Alex D.
Yelp
What can I say? I've had croissants and baked goods from the best of the best. I've had them all. In the early 2000s, I worked under Gontran Cherrier when he was doin his own show. If you don't know Cherrier, I don't blame ya, I wouldn't either, but this Frenchie practically perfected the croissant, along with a bunch of other baked delights that put a good hundo pounds on me by 2011. He owes me the cost of my gym membership. That'd be if I went to a gym.
So where was I...ah, yes...Emmer. Let me splain something to the younger crowds out on dis here YELP. Back in the day, Toronto was untarnished by "Boutique" bakeries. It was just the real deal. The best croissant was from a bombastic woman on Queen at a place called Clafouti. It was pure puffed perfection for my fat face. Nowadays you got these sterile white "boutique" joints with all-white walls and a staff that has the petulant attitude of a Swiss boarding school brat who's showing off his dad's Maserati. It ain't for Uncle Alex. I like my bakeries laid back as a cup of Joe.
So I waltz into Emmer after all this "TikTok" bought hype and guess what I see? A scattered half-full "this and that" collection of embarrassing pastries. I couldn't believe my eyes. Not full? This is a distinction between Toronto and REAL bakeries, from Paris to Palermo. In Toronto, they like ta do dis thing where things are "rare", "Sold out" before a certain time. Then they "limit orders." My fat face just laughs at these selling tactics.
Back in all my days of being a pastry connoisseur, that's a sure fire sign that ya ain't the real deal. Look, you gotta understand something...bakeries can always fully prep der dough and accoutrements the night before for a scaled up patronage. But dis ain't dat. It's Emmer trying to look cool. Cherrier wouldn't ever let his croissant rack dry up. It's an insult to the craft. You kidding me? Drying up by noon and you call yerself a patisserie?
OK, so l come back another day. I grab a slice of olive oil cake, a plain croissant and a flavoured croissant. Simple, nothing insane. I've already gained enough weight from Badiali's slices this week. Guess what the total came out to? $25.00 for 3 pastries. You kiddin me? My jaw had to be lifted from the floor, I felt like puking. Where am I? You won't FIND, no mattah how hard u try, in Paris, a good croissant over 3 Euros. You wanna know why? Well, do the math yerself, I ain't doin an algebra lesson over here.

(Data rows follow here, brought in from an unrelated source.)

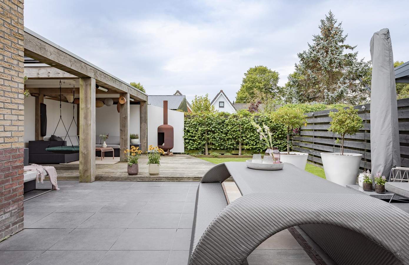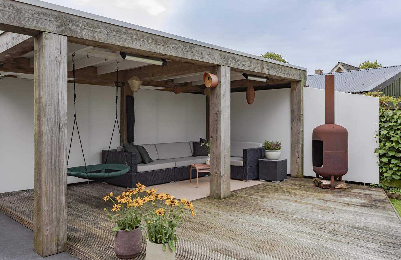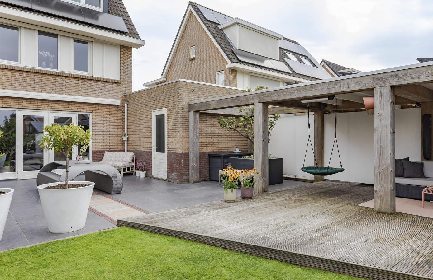 De tuin op het zuidwesten biedt de hele dag zon, hier geniet u in rust en hoort u de vogels fluiten. Onder de robuuste overkapping kunt u in ieder seizoen ontspannen. Door de heaters is het er zelfs op minder zonnige dagen goed vertoeven. Het zonnescherm aan de achterzijde van de woning en de tuinverlichting maken de tuin nog comfortabeler. Op de oprit is plaats voor twee auto’s. Met een handige carport stapt u altijd droog uit de auto. De garage is vanuit de achtertuin én vanuit de carport te bereiken en is met 19 m² zeer ruim te noemen. Momenteel is de garage in gebruik als berging. Deze ruimte is multifunctioneel te gebruiken en kan desgewent omgebouwd worden als bijvoorbeeld kantoor-/werkruimte aan huis.
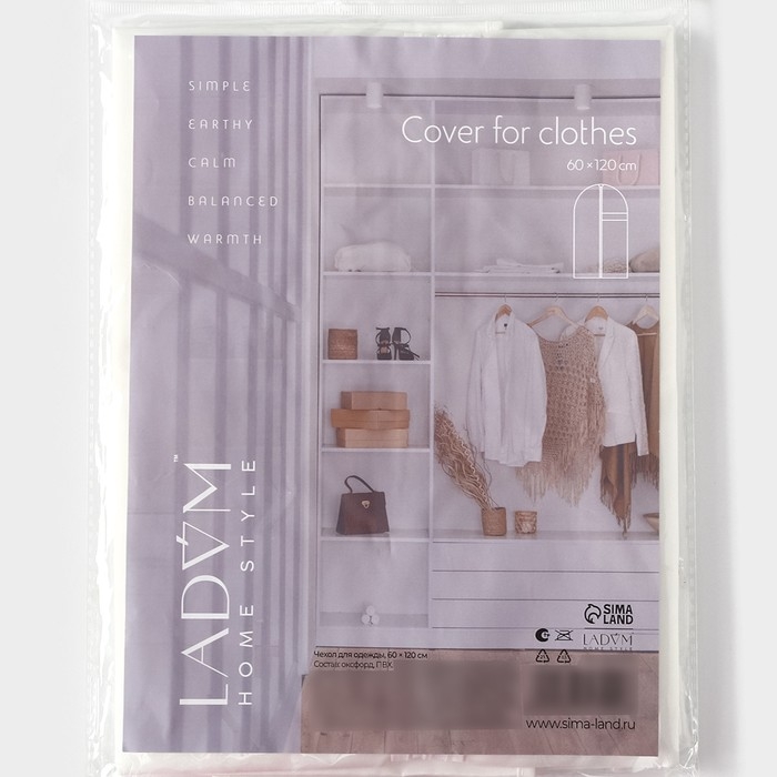 Чехол для одежды LaDо́m, ПВХ окно, плотный, 60×120 см, цвет белый
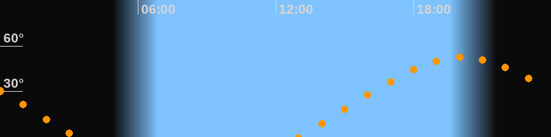 | Aufgang | 12:58 Uhr im Osten (αAz = 68°) |

You go to La Maison d'Isabelle in Paris, rated the NUMBER ONE croissant on this blue marble called Terra Earth and you know how much Isabelle Leday charges for her IMMACULATE croissant? ....1 euro. So OK, back to Emmer...we got this posh little nosh of bread and salt and butter for $4.50, no word of a lie, $5 bucks with tip and it's AWFUL. It doesn't hold a glass of Michigan tap water to the best of the best and they're charging DOUBLE. I can't help but laugh at this poor excuse of a bakery. And I can't help but cry for the foolish patrons who believe this is quality. This is quality like Gigis Pizza is a legit biz that doesn't move dope.
So I take an advance out on my house (if I owned a house) and fork up the 30 bones for the pastries. Couple of tings right off da bat....their portions are all off. Way too much butter. The density of these croissants would crush a '76 Chevy Impala under their weight. Their Olive Oil cake nearly made me gag. It was all poor quality oil and no flavour, no love. Look, I'm Sicilian. I know Olive Oil cake like the back of my hand. They're throwing so many pistachios on it, hoping it's gonna cover up the bland flat taste of the pastry.Here's anotha tip from Alex D., free of charge...if the bakery you go into is covering their pastries with an exorbitant amount of nuts, fruits, chocolate, make a 180. You know what Im sayin? Make a 180 and walk out because the pastry chefs are trying to cover something up, like they're Bush in 2001 or something.
This is the unfortunate state of Emmer. Bland, heavy pastries that would make my French friend and Italian ancestors weep in their pathetic effort. It might make it worth it if their staff were up to snuff. You know? Like make me smile while I get robbed from your patisserie. But no, the behind-the-counter staff person looked like they wanted me to choke on the dang thing. Fair enough. I'd want my patrons to choke, too. Spare myself the embarrassment of having a gouged patron with a pulse.
I miss simplicity and affordability in dis town. It used to have it. Now we have joints like Emmer, running the gambit of extortion and excess in the name of staking another nail in the coffin of epicurean delights and all dat jazz. I'm gonna need a cold shower after that experience. I feel embarrassed for myself.